Man kann über das Thema sehr viel sagen. Meine Damen und Herren, lassen sie mich noch was berichten: Ich war vorhin auf dem Weg hierher in Essen, habe ein Leibniz-Institut besucht. Dort am Rheinisch-Westfälischen Institut für Wirtschaftsforschung (RWI)beschäftigt man sich jetzt mit der empirischen Bildungsforschung und mit Pisa. Übrigens haben wir auch ein Leibniz-Institut in Kiel, das sich mit der Pädagogik der Naturwissenschaften beschäftigt und die nächste Pisa-Runde in Deutschland federführend koordiniert. Dank der Wissenschaftler in Kiel und Essen und anderswo lassen sich jetzt die Schulen in Nordrhein-Westfalen und Bayern miteinander vergleichen, und wir bekommen auch erklärt, was wir aus den Unterschieden zu lernen haben. Übrigens, Sie haben es ja mitgekriegt, hat die Kultusministerkonferenz zwischendurch versucht, den Ländervergleich zu verhindern mit der Begründung, dass die Anzahl der Fragebögen und der befragten Schüler und Schülerinnen nicht hoch genug sei.
Eine absurde Begründung war das. Luxemburg ist viel kleiner. Aber mit Luxemburg vergleichen wir uns, weil es eines der wenigen europäischen Länder ist, das schlechter abgeschnitten hat als wir. Inzwischen hat sich herausgestellt: Die Stichproben sind doch groß genug, die Länderresultate liegen vor. Was passiert, meine Damen und Herren? Der Wettbewerb geht los. Jetzt gibt es einen politischen Wettbewerb um die besten Rezepte. Und es passiert noch mehr. Jetzt werden die Fragen gestellt, die wirklich wichtig sind. Gibt es einen Zusammenhang zwischen Ausländeranteil und der Qualität der Schule? es einen Zusammenhang zwischen der Homogenität oder Inhomogenität einer Klasse, also der Mischung guter und schlechter Schüler, und der Fähigkeit, gute Ergebnisse zu erzielen? Am RWI in Essen wird nach den Antworten gesucht. Und zwar nicht nur in den Pisa-Daten für Deutschland.
Wenn ich zum Thema Gleichheit vielleicht noch das Eine hinzufügen darf: Mir wird oft vorgehalten, dass ich beim Thema Armut übertreibe. Ich frage dann immer zurück: Kennen Sie eigentlich eine Gesellschaft, wo der Unterschied so gering ist zwischen Arm und Reich wie bei uns? Ich nicht. Wir sind eine ausgesprochene solidarische Gesellschaft und sollten uns nicht einreden lassen, dass wir unsolidarisch seien.
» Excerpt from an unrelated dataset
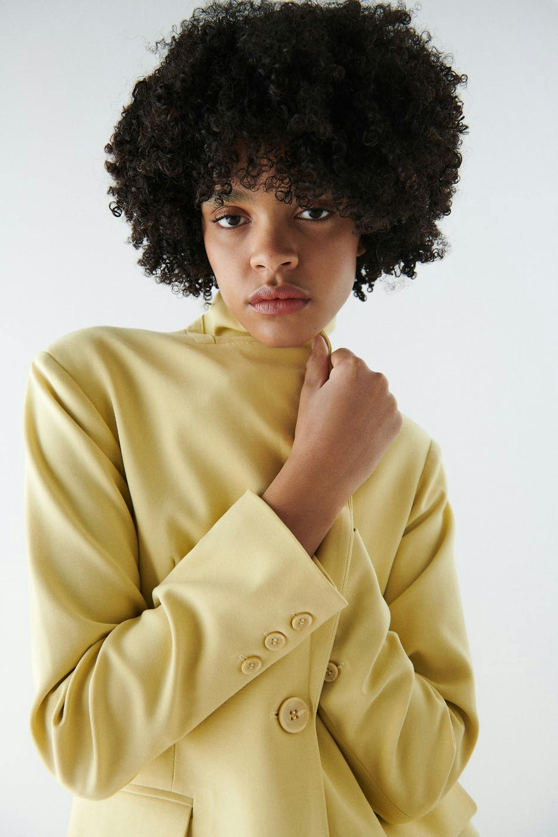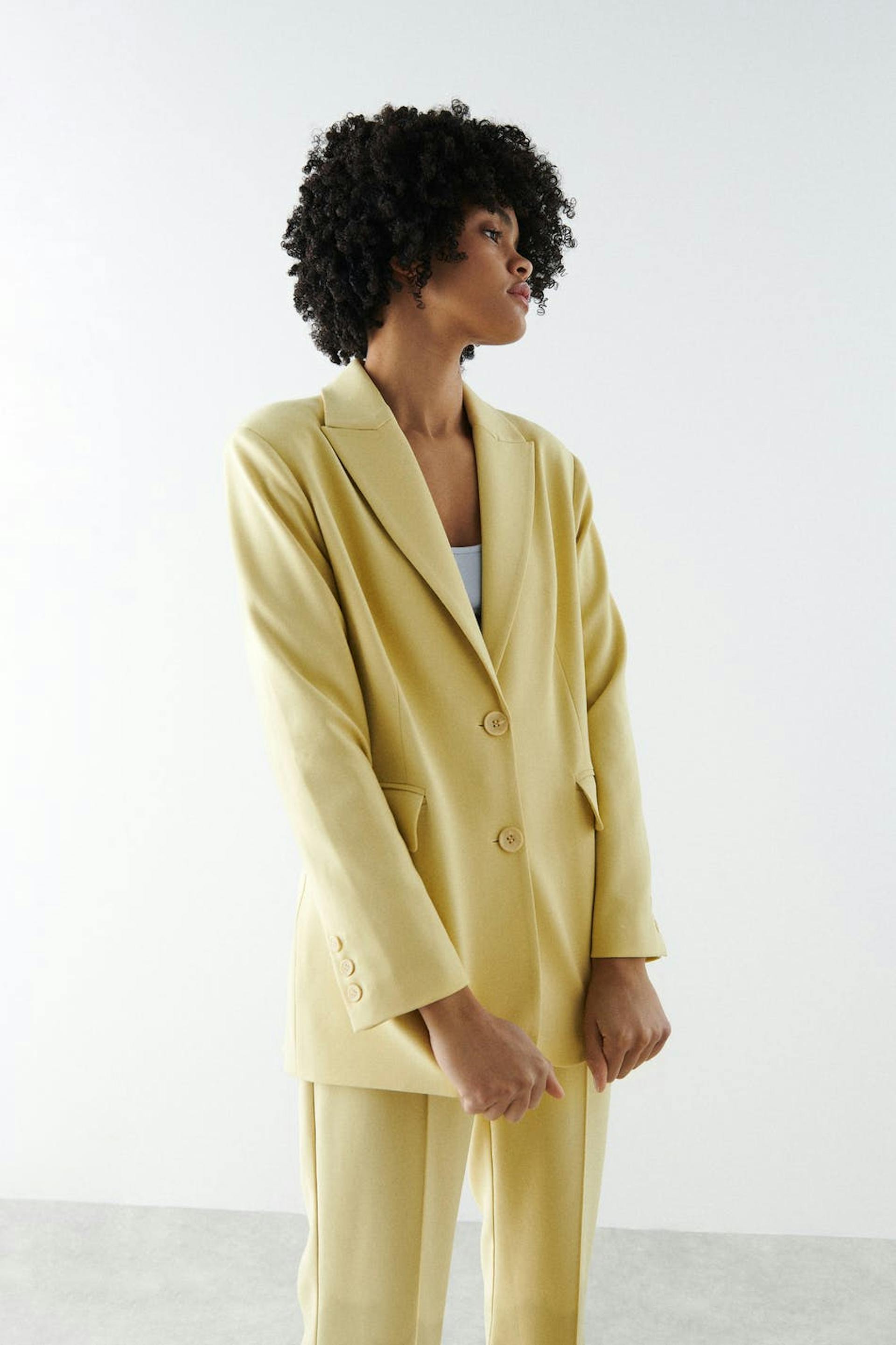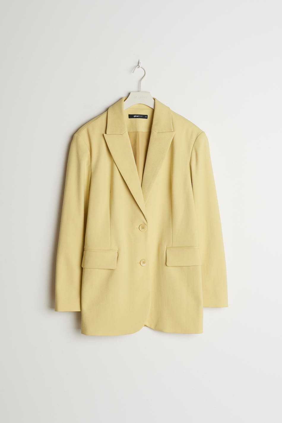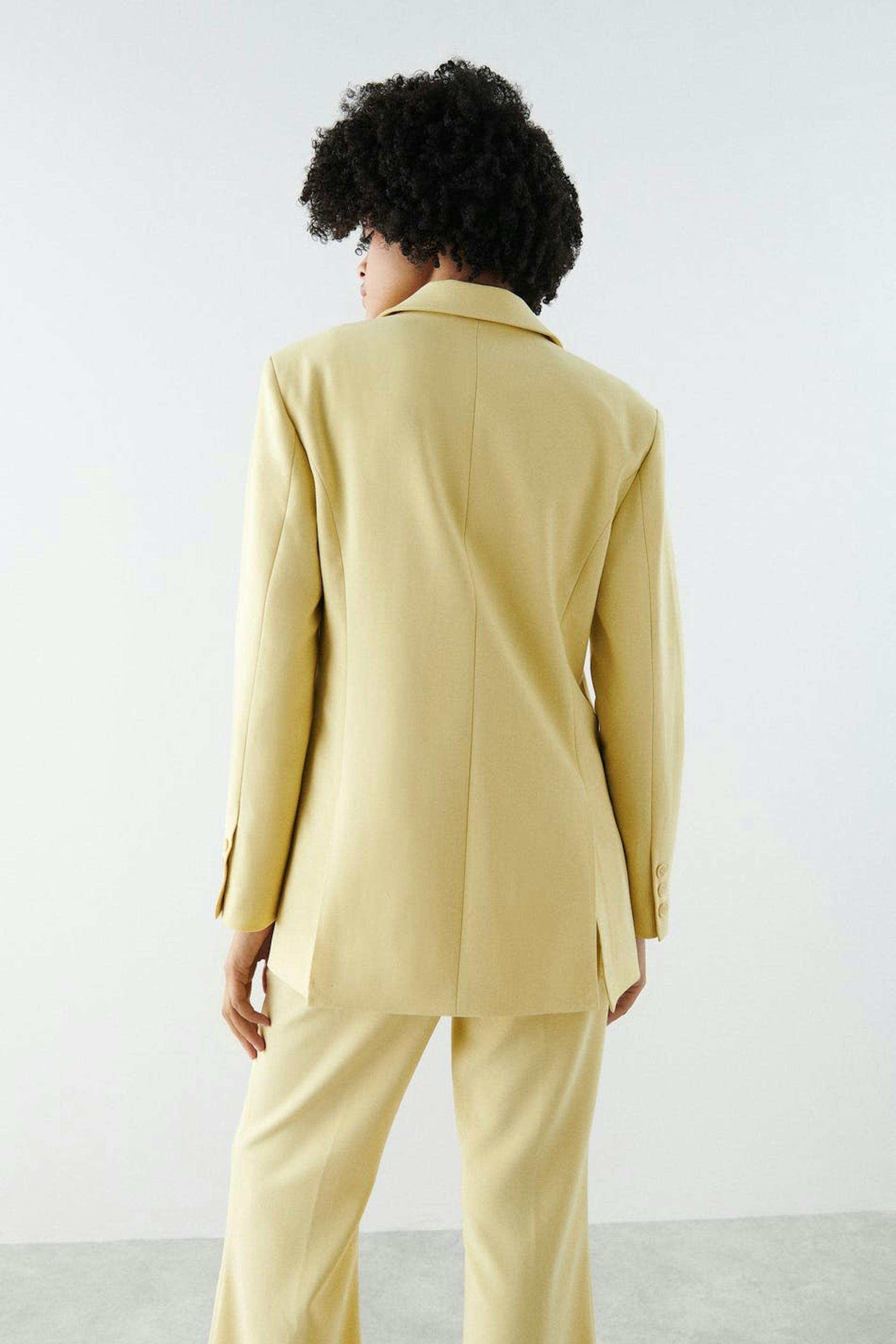 Zugeschnittenes Sakko mit Knopfleiste vorne. Das Sakko ist gelb und hat einen behandelten Stoff. Es hat rahmengenähte Klappentaschen, Knöpfe an den Ärmelenden, klassischen Kragen mit Revers und doppelte Öffnung auf der Rückseite.

Ja, meine Damen und Herren, ich wollte über Freiheit und Wettbewerb sprechen. Lassen Sie mich vielleicht versuchen, die Gedanken dieses Vortrags in einem einzigen Satz zu bündeln. Wenn Sie den mitnehmen und darüber vielleicht noch mal nachdenken, dann hat sich mein Auftritt hier (jedenfalls aus meiner Sicht) gelohnt. Die deutsche Gesellschaft muss wettbewerbsfähiger werden und die Frage ist, wie wird man wettbewerbsfähig? Die Antwort ist ganz einfach: durch Wettbewerb.
Ich danke Ihnen.
*Hans-Olaf Henkel ist Präsident der Leibniz-Gemeinschaft, zu der bundesweit 80 bedeutende Forschungsinstitute und Serviceeinrichtungen für die Forschung gehören. Zuvor stand der langjährige IBM-Manager sechs Jahre an der Spitze des Bundesverbandes der Deutschen Industrie. Henkel ist ein national und international gesuchter Meinungsmacher und Buchautor (zuletzt "Die Ethik des Erfolgs", 2002).